Retour sur une journée ubuesque de débats parlementaires

Tout le monde s’agite depuis quelques jours pour mettre en application les nouvelles exigences relatives au passe sanitaire, mais il importe tout de même de rappeler que le projet de loi, adopté lundi en conseil des ministres, n’est toujours pas voté.

Les premiers débats à l’Assemblée nationale se sont déroulés mercredi 21 juillet, et le moins que l’on puisse dire, c’est qu’ils ont été particulièrement houleux.

Sur TF1, Jean Castex est intervenu au journal télévisé, en se décrédibilisant copieusement : même BFM a été forcé de le reconnaître. En brandissant le chiffre de 96 % de non-vaccinés parmi les dernières contaminations, il a non seulement utilisé des chiffres datant d’il y a presque un mois, mais il a aussi asséné une lapalissade : ce sont les non-vaccinés qui, par définition, vont se faire tester en masse, donc font mathématiquement grimper le chiffre des contaminations. C’est un peu comme si l’on nous expliquait que 96 % des gens en prison sont des criminels.

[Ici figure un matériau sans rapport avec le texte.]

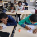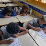 Em seguida, propôs ao alunos uma atividade de caça palavras, com o objetivo de identificar a educação para o trânsito como fator de segurança pessoal e coletiva
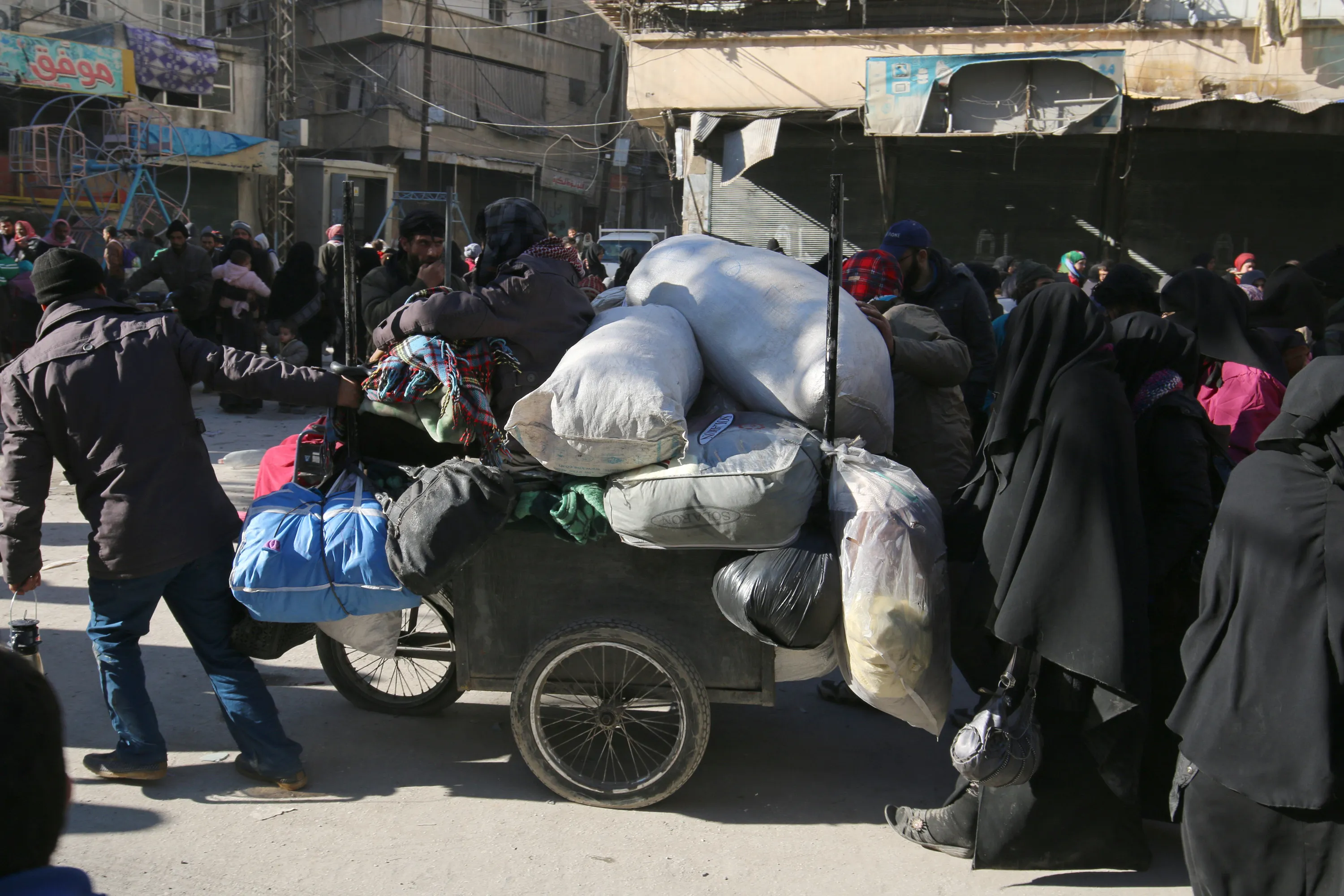 People walk with their belongings as they gather to be evacuated from a rebel-held sector of eastern Aleppo, Syria December 15, 2016. (Photo by Abdalrhman Ismail/Reuters)
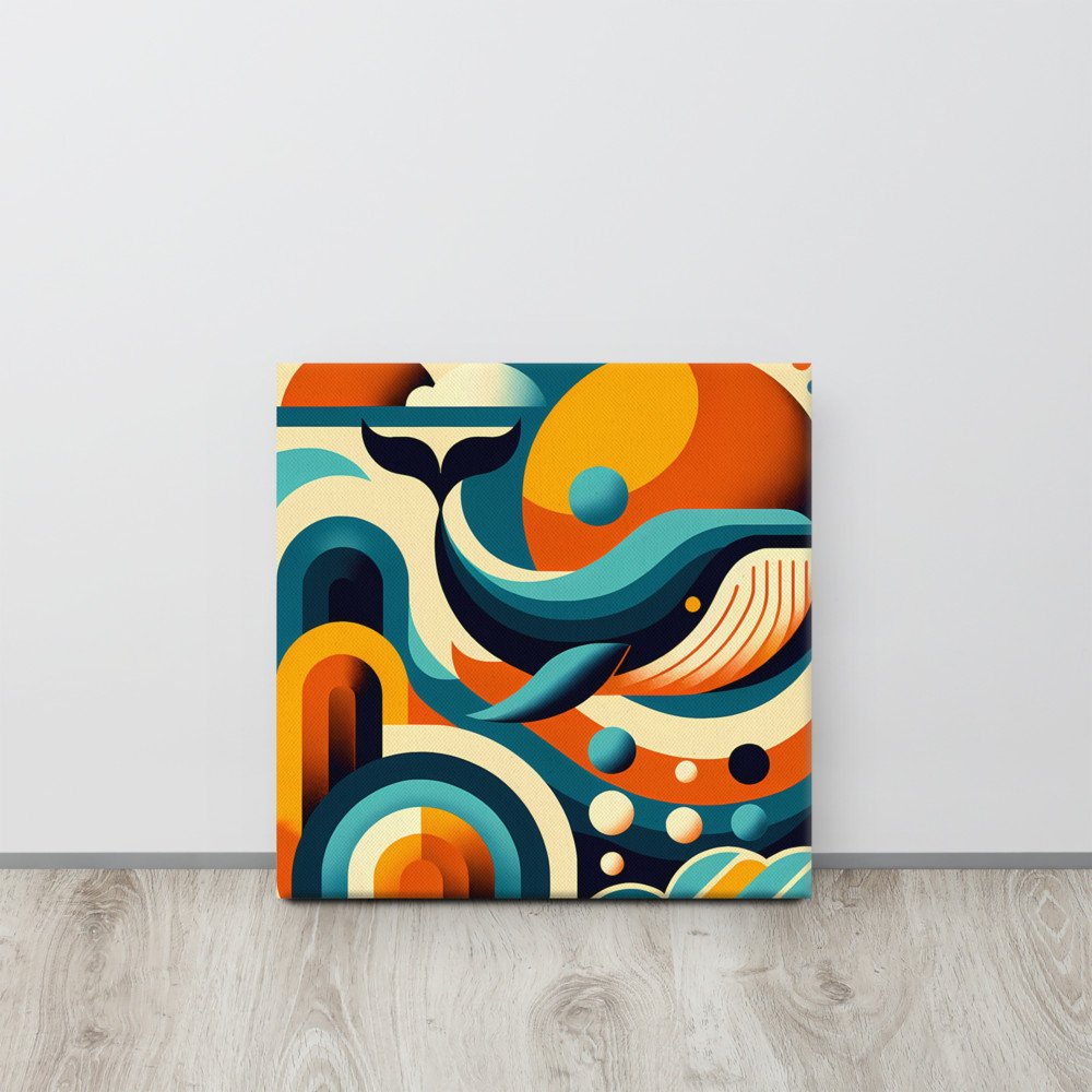 Retro Geometric Whale in Teal and Orange Waves — Canvas Print

Dans l’enceinte parlementaire, les choses ne se sont pas passées aussi facilement que l’exécutif l’aurait souhaité. Scandale : les députés font leur travail… et prolongent de ce fait les débats. Inadmissible en démocratie, n’est-il pas vrai ? Olivier Véran s’indigne, et se faisant perd toute dignité, en vitupérant sur ces discussions pendant que le virus « se sert une petite bière ». Il s’oublie, parle de « moutons », de Français qui « vocifèrent » avec un mépris rare. Excusez-nous, Monsieur le Ministre, de faire fonctionner les institutions. Un millier d’amendements ont été déposés, et une centaine seulement a pu être examinée dans la soirée de mercredi, obligeant les débats à reprendre sur la journée du jeudi. La navette avec le Sénat attendra encore un peu. .

Toutes les propositions, venues de tous les bords politiques, visant à encadre la durée de l’urgence sanitaire, ou à prendre un nouveau rendez-vous avec le Parlement pour réévaluer les conditions d’utilisation du passe au regard des évolutions de l’épidémie, ont été rejetées. Il est manifeste que le gouvernement entend s’installer dans l’exceptionnel ; en matière de restrictions des libertés, il n’y a malheureusement jamais de retours en arrière. Un amendement hallucinant a été voté, qui propose de se passer du consentement des deux parents dans le cas de la vaccination des mineurs. Cela valait bien la peine de se battre, pendant des décennies, pour obtenir la reconnaissance de l’autorité parentale partagée entre les deux parents. Un sujet très sensible, d’autant que la vaccination des enfants est l’un des sujets de préoccupation majeure des Français. L’obligation du passe sanitaire pour les mineurs de 12 à 17 ans a été repoussée à la fin septembre, preuve du malaise qui entoure cette question.

Le Défenseur des droits, d’une manière attendue, a attiré l’attention sur dix sérieux points de vigilance. La CNIL, à son tour, prend date pour l’avenir et met, quoique timidement, en garde les pouvoirs publics sur les dérives contenues dans le texte. Las, ne nous faisons pas d’illusion : le texte finira bien par passer, soutenu par la majorité des députés LREM flanqués de tous ceux que le covid terrorise et oblige à mettre leur cerveau de côté dans une glacière au frais. Mais cela ne sera évidemment pas sans dommages. La mobilisation de samedi 24 juillet s’annonce particulièrement active dans toute la France. Nombreux sont les Français qui ont désormais bien intériorisé le fait que la politique menée par des élus émanant de structures ultra-minoritaires n’était pas au service du bien commun : il faut donc explorer avec énergie d’autres voies.